Repeat word for word the lines from the one containing "为构建学院与学生间的交流纽带" to the end of the material below, and leave all pictures out.

**Excerpted records:**
-*-*-
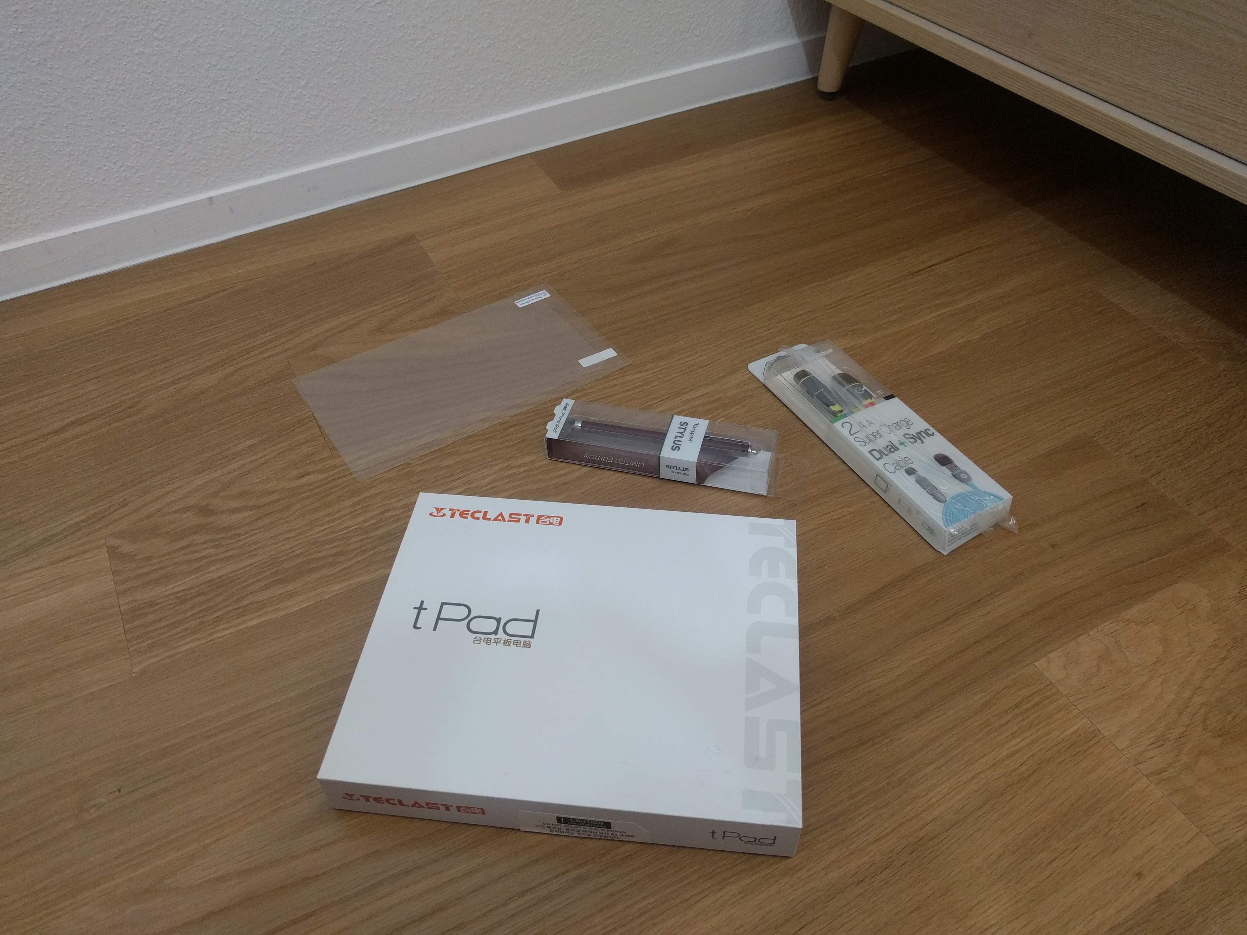 구매 당시 사은품으로 라이트닝 + 5핀 케이블, 터치펜 및 플라스틱 보호필름 2매가 제공되어, 구성품은 위와 같습니다.
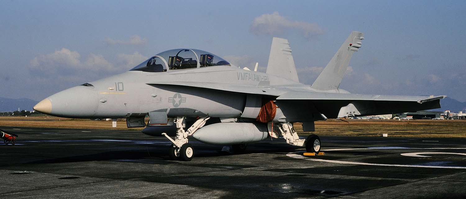 1993年浜松基地に展示されたVMFA(AW)-121のFA-18D/VK10 尾翼のナイツは、極めて薄く書かれており ロービジのお手本のような機体。
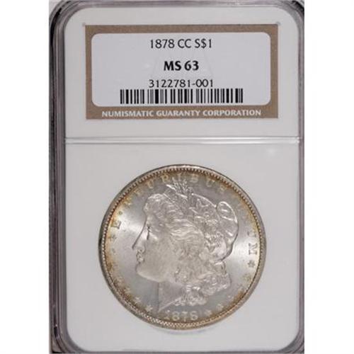 <B>1878-CC $1 MS63 NGC.</B></I> NGC Census: (3534/4796). PCGS Population (5959/6802). Mintage: 2,212,000. Numismedia Wsl. Price for NGC/PCGS coin in MS63: $300. (#7080)<BR><BR><B>Coin Engraver:</B> George T. Morgan<BR><BR><b>Shipping:</b> Coins & Currency (<a target="_blank" href="http://www.heritageauctions.com/common/shipping.php">view shipping information</a>)
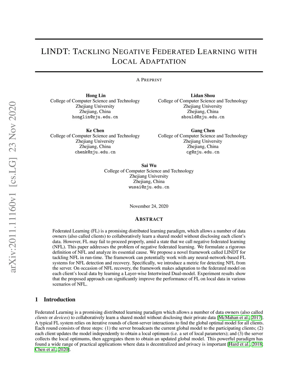 Federated Learning (FL) is a promising distributed learning paradigm, which allows a number of data owners (also called clients) to collaboratively learn a shared model without disclosing each client's data. However, FL may fail to proceed properly, amid a state that we call negative federated learning (NFL). This paper addresses the problem of negative federated learning. We formulate a rigorous definition of NFL and analyze its essential cause. We propose a novel framework called LINDT for tackling NFL in run-time. The framework can potentially work with any neural-network-based FL systems for NFL detection and recovery. Specifically, we introduce a metric for detecting NFL from the server. On occasion of NFL recovery, the framework makes adaptation to the federated model on each client's local data by learning a Layer-wise Intertwined Dual-model. Experiment results show that the proposed approach can significantly improve the performance of FL on local data in various scenarios of NFL.
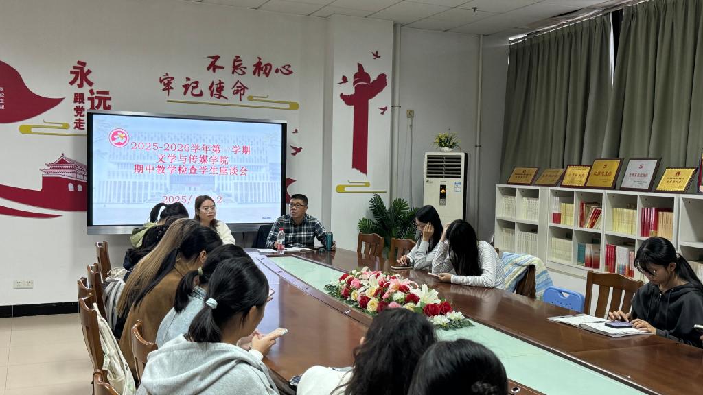 为构建学院与学生间的交流纽带,了解学生需求,汇聚真实反馈,完善教学资源配置,促进师生工作高质量发展,按照学校规定,文学与传媒学院于2025年11月12日在白云校区一教425会议室召开期中教学检查学生座谈会。文学与传媒学院副院长佘爱春,教务员石国燕老师以及白云校区23、24级各班学委参加了这次座谈会。
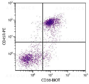 Figure 1: BALB/c mouse splenocytes were stained with Rat Anti-Mouse CD38-Biotin and Rat Anti-Mouse CD45R-PE followed by Streptavidin-FITC .
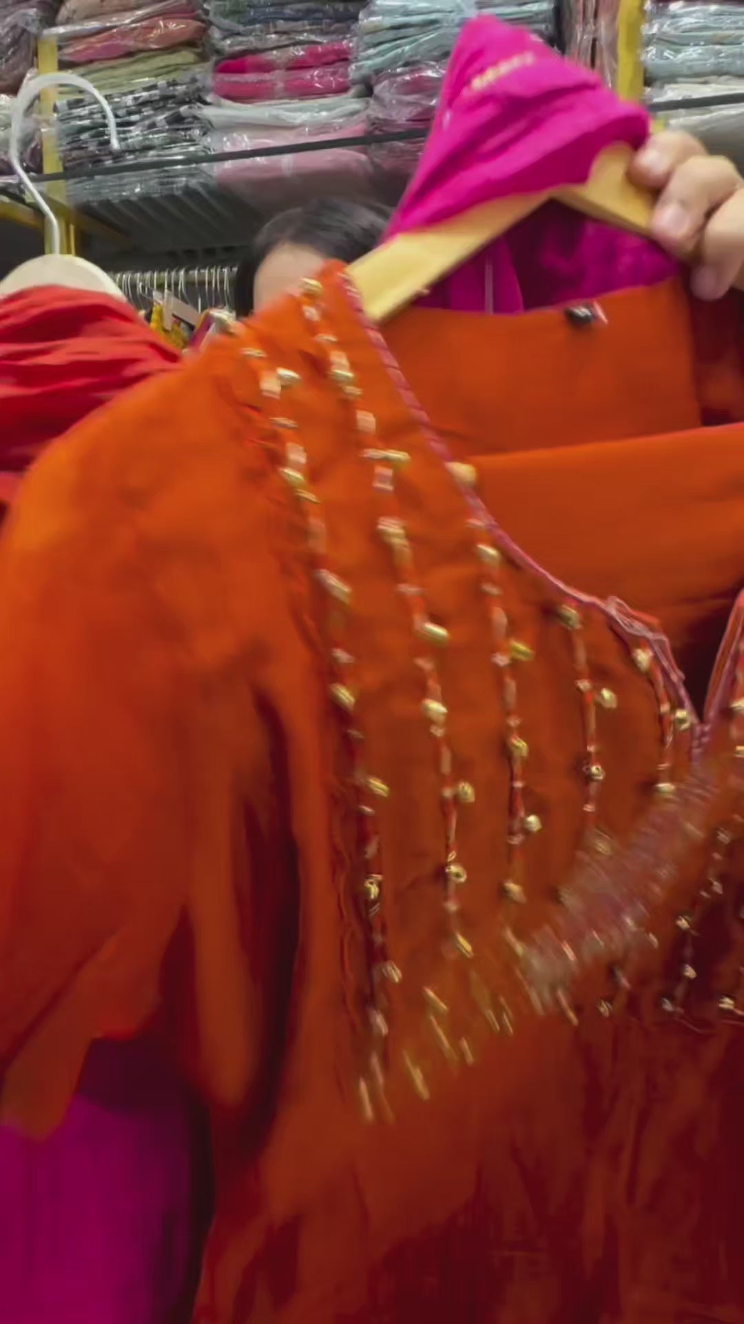 The rich festive hue paired with refined embellishment makes it perfect for celebrations, festive gatherings, family functions, and wedding events. Lightweight, comfortable, and effortlessly stylish, this ensemble blends traditional charm with modern sophistication — a signature expression of Raas Creation’s timeless festive style.
-*-*-
**Written solution:**
 为构建学院与学生间的交流纽带,了解学生需求,汇聚真实反馈,完善教学资源配置,促进师生工作高质量发展,按照学校规定,文学与传媒学院于2025年11月12日在白云校区一教425会议室召开期中教学检查学生座谈会。文学与传媒学院副院长佘爱春,教务员石国燕老师以及白云校区23、24级各班学委参加了这次座谈会。
 Figure 1: BALB/c mouse splenocytes were stained with Rat Anti-Mouse CD38-Biotin and Rat Anti-Mouse CD45R-PE followed by Streptavidin-FITC .
 The rich festive hue paired with refined embellishment makes it perfect for celebrations, festive gatherings, family functions, and wedding events. Lightweight, comfortable, and effortlessly stylish, this ensemble blends traditional charm with modern sophistication — a signature expression of Raas Creation’s timeless festive style.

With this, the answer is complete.